ここ数年、日本の大企業においてデザイン思考/デザイン・シンキングが注目されている。このテーマについては一昨年あたりから様々な媒体で議論され尽くされているので、ここでは企業内の実務者の視点で、企業がデザイン思考を採用するに至る背景を論じてみる。

デザイン思考/デザイン・シンキングの詳細な理解はここでは特に重要ではないため、興味のある方は、各種文献やwikipedia
https://ja.wikipedia.org/wiki/%E3%83%87%E3%82%B6%E3%82%A4%E3%83%B3%E6%80%9D%E8%80%83
などを参照していただければと思います。

ビジネスにおけるデザイン思考の普及は、デザインコンサルティングファームのIDEOの貢献が非常に大きく、IDEOのTom Kelleyの著書はビジネスの現場(特に部長職の机の上などで)至るところで目にするところである。
一方で、普及すればするほど説明が簡素化され、断片化され、さまざまな「デザイン思考」の解釈が生まれているのも事実である。
特にマニュアル化が好きな(正確にいうと、効率化の名の下に、業務を人に所属させなくても業務が回るようにしようとする)日本の大企業としては、デザイン思考を誰でもすぐに理解しやすいように、ある特定のプロセスを取り出しフォーマット化してしまい、そのマニュアルを元にした社内研修などでデザイン思考を学んだ社員の間で様々な「デザイン思考」の解釈が生まれる。
その多くはエスノグラフィに力点を置き過ぎていたり、ダーティプロトタイピングの手法だけにフォーカスしていたり、と、様々だが、デザイン思考がそもそも「人間中心」で考えるためのデザインプロセスであるということや、発散・収束を繰り返す中で課題をリフレーミングするという視点が抜け落ちてしまうことも多いように思われる。

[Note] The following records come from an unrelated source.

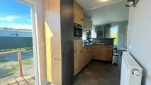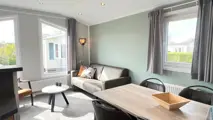 Entree, woonkamer met een bank, een flatscreen tv en een eethoek. De open keuken is ingericht met een 4-pits gaskookplaat, koelkast met vriesvak, filter koffiezetapparaat en waterkoker. Er zijn twee slaapkamers waarvan een met een tweepersoons boxspringbed (2 matrassen van 80x200). In de andere slaapkamer staat een stapelbed waarvan zowel het onderste als het bovenste bed opklapbaar is. De badkamer is uitgerust met douche, wastafel en toilet. Het chalet heeft een tuin met een schuurtje en tuinmeubilair. De parkeerplaats is direct naast het chalet.
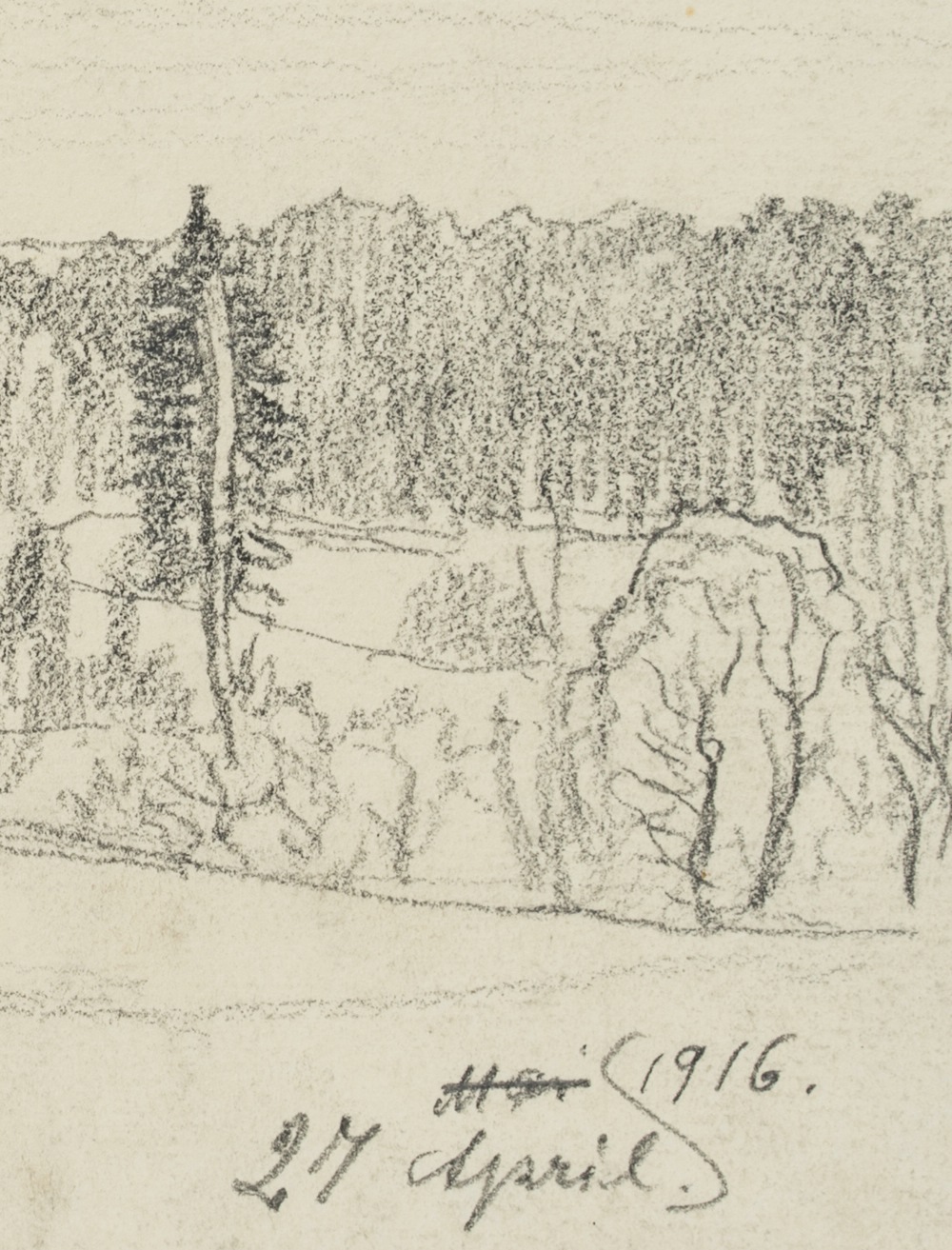 - Inscription: At lower right the sheet is dated “27 April 1916”, the date was obviously written on later by the artist and corrected again.
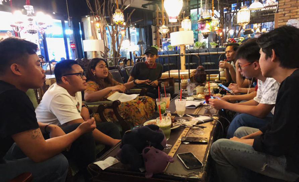 TALITHA(左三)与来自印度尼西亚的学弟们在交流学习与生活
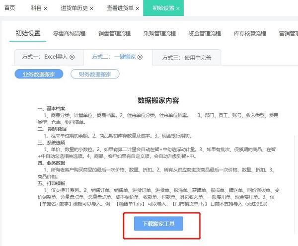 搬家工具用于从现有系统中直接导入,包括用友 T1-商贸宝(13.0)、用友 T1- 财贸宝(10.0)、友加畅捷 T1-飞跃(18.1)、管家婆辉煌系列 II TOP13.4 产品,如果要导入的源文件低于支持的版本,可以搬家工具中下载最新程序升级后再操作;

数年前までデザイン思考/デザイン・シンキングという言葉すら知らなかった会社でも、今や新規事業開発を担当する部署では必ず何かしらの形でデザイン・シンキングに触れているのではないかと思う。社内でデザイン・シンキングの推進担当などをやっている方達の中には、上記のような断片化されたデザイン思考の状況を理解している方もいればそうではない方もいるが、そのような誤解を含んだ状況にあってもデザイン・シンキングを社内で推進する意義はあると感じている方は多いのではないだろうか。

それでも僕らが大企業の中でデザイン・シンキングを推進する理由

それでも僕らが大企業の中でデザイン・シンキングを推進する理由、それは社員・社内の活性化に有効だからである。

デザイン・シンキングを推進するにあたり、まずどの企業でも行うことはデザイン・シンキングの「ワークショップ」である。(ワークショップについても言葉の意味合いが変化しすぎてて本来の意味合いとかけ離れているものもあるが、、その議論はここでは割愛)
このワークショップでは、社内の様々な部門から社員が集められ、ユーザー調査やアイディエーション、プロトタイプなどを通して、人間中心のデザインプロセスの一端を学ぶ。
このようなワークショップを経ることで、

  • 「必ず何かしらのアウトプットが出てくる」
  • 「普段ユーザーと関わらない社員がユーザーとはじめて関わるきっかけになる」
  • 「既存事業と切り離した文脈で実施するため社員同士の繋がりが生まれる」
  • 「新しい手法によって何かを達成したという成功体験が得られる」

などのポジティブな要素が多数あるため、会社役員への説明がしやすい。そのため、多くの企業でデザイン・シンキングのワークショップが頻繁に行われる状況がある。

一方で、こういった取組みの成果を引き継ぐ社内の制度が整っていない企業が多く、デザインプロセスから生まれたものが次のステップに進むケースは稀である。
また、手法の目新しさと達成感ばかりに社員の意識が向いてしまい、肝心のアイデアの革新性やビジネス実現性が低いケースも多い。新しい取り組みに対する企業内の仕組みと社員の意識の両方に課題があり、それらを解決する方法が求められている。

ここでは、大企業におけるデザインシンキングの普及の背景と課題について述べたが、上記に加えて、デザイン・シンキングにはそれ自体が抱える本質的な課題も存在している。それについてはまた別な記事としてまとめようと思います。